Start the calibration converter GUI from command line / terminal using

# navigate to the NICE toolbox source code folder
cd /path/to/nicetoolbox/

# LINUX: activate the environment 
source ./envs/nicetoolbox/bin/activate

# WINDOWS: activate the environment 
envs\nicetoolbox\Scripts\activate

# run the Calibration Gui
run_calibration_gui

The calibration converter offers multiple options to create, load, or change a calibration file for the NICE Toolbox. Here, we show how to create a new file from scratch, given the dataset’s directory path.

  1. On the top, select “Camera Matrices” or “OpenCV” as the calibration format, depending on your calibration data.

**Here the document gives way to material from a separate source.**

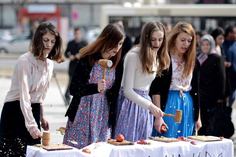 Performans Pregled je potekal med protesti 28. marca letos. Skupina Haveit je pred parlament postavila pogrnjeno mizo z napisom »Ekzaminim« in zahtevo po ginekološkem pregledu uprizorila s kladivi za meso. Z njimi so udrihale po jabolkih. Ko so se kladiva zlomila, so še naprej udrihale. Če se sprašujete, zakaj ravno jabolka: v albanski folklori je jabolko pogosta metafora za žensko lepoto.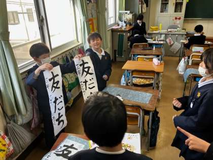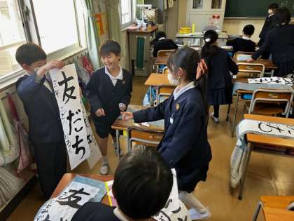 書初めができました。全員の書初めを台紙に貼って教室に掲示します。

  2. To create a new file from your dataset’s directory path, enter the absolute path to the dataset under “Dataset directory path” or press “Select” to find it on your machine. Press “Load”. The GUI will now show the folder structure of your data directory with default values for all calibration parameters (click to enlarge): ../_images/tutorial2_calibration_converter_1.png ../_images/tutorial2_calibration_converter_2.png

  3. Enter your calibration data into the provided fields for each camera. Note: In the case of many cameras, sessions, or sequences, this can be tedious. Check out the next tutorial on calibration conversion to find an alternative option for directly loading calibration data into the GUI.

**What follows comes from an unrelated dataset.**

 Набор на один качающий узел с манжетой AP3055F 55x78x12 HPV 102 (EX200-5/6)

  4. When all data is entered, provide a path to save the calibration file (likely, your dataset’s directory path) under “Output directory path” on the bottom of the GUI window. Press “Save”. The converter saves two files: calibrations.npz which is required to run the NICE toolbox and calibrations.toml which displays the same calibration data in a human-readable (and changeable) file. Both files can be loaded to the Converter again if adjustments need to be made.

  5. When the file(s) have been saved correctly, exit the Calibration Converter by pressing “Quit” in the bottom right corner.

4. Define the experiments and run the toolbox

Please follow the instructions in define the experiment to run to create your experiments and in run the toolbox for starting the experiment. It will now use all cameras provided and specified in the dataset_properties. Check the log-file .../out_folder/nicetoolbox.log to see it working.